Example Clause B, the method of Example Clause A, wherein the action comprises one of: providing, to an owner of the higher-level entity, a notification indicating that the state of the higher-level entity is unhealthy; transitioning the state of the higher-level entity from unhealthy to healthy by allocating cloud resources to the higher-level entity; or transitioning the state of the higher-level entity from unhealthy to healthy by implementing a set of mitigation measures on the number of lower-level entities entity, wherein the set of mitigation measures is defined by the rule.

Example Clause C, the method of Example Clause A or Example Clause B, wherein each lower-level entity of the lower-level entities and each higher-level entity of the higher-level entities comprises an identification parameter to distinguish one entity from a next entity.
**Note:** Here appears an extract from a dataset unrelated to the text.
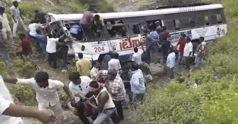 El autobús transportaba a peregrinos que volvían de un templo hindú, cuando se salió de la carretera en el distrito de Jagtial

Example Clause D, the method of Example Clause C, wherein the higher-level entities are different types of higher-level entities, the different types of higher-level entities comprising a tenant service type higher-level entity, a cloud resource provider service type higher-level entity, a geographic region type higher-level entity, a tenant type higher-level entity, or a cloud resource provider type higher-level entity.

Example Clause E, the method of Example Clause D, wherein the threshold established to indicate when the state of the higher-level entity is unhealthy is established based on a type of the higher-level entity.

Example Clause F, the method of any one of Example Clauses C through E, wherein the lower-level entities are of different types of lower-level entities, the different types of lower-level entities comprising a virtual machine type lower-level entity, a storage unit type lower-level entity, a container type lower-level entity, a physical server type lower-level entity, a network switch type lower-level entity, a container registry type lower-level entity, a key vault instance type lower-level entity, or a micro-service type lower-level entity.

Example Clause G, the method of any one of Example Clauses C through F, further comprising: causing the directed graph health model to be displayed on a display device along with a graphical indication that the state of the higher-level entity is unhealthy; receiving a user selection of the higher-level entity via the directed graph health model caused to be displayed on the display device; and based on the user selection, causing the identification parameters associated with the number of lower-level entities that have been categorized as unhealthy to be displayed.

Example Clause H, the method of Example Clause G, further comprising: receiving another user selection of another higher-level entity via the directed graph health model caused to be displayed on the display device, wherein the higher-level entity is connected to the other higher-level entity via a respective edge in the directed graph health model; and causing an update to the identification parameters associated with the number of lower-level entities that have been categorized as unhealthy to be displayed, wherein the update reduces the number of lower-level entities that have been categorized as unhealthy to those that are connected to both the higher-level entity and the other higher-level entity in the directed graph health model.

Example Clause I, the method of any one of Example Clauses A through H, wherein the threshold defines a percentage of a total number of lower-level entities connected to the higher-level entity in the directed graph health model.

Example Clause J, the method of Example Clause I, wherein the percentage and the total number of lower-level entities are specific to a type of lower-level entity.

Example Clause K, the method of any one of Example Clauses A through J, wherein the threshold is determined by a machine learning model configured to predict when a performance of the higher-level entity is degraded to a minimum threshold performance.

Example Clause L, the method of any one of Example Clauses A through J, wherein the higher-level entity, the threshold, and the rule are defined based on input from a tenant of the distributed computing environment, wherein the tenant owns the higher-level entity.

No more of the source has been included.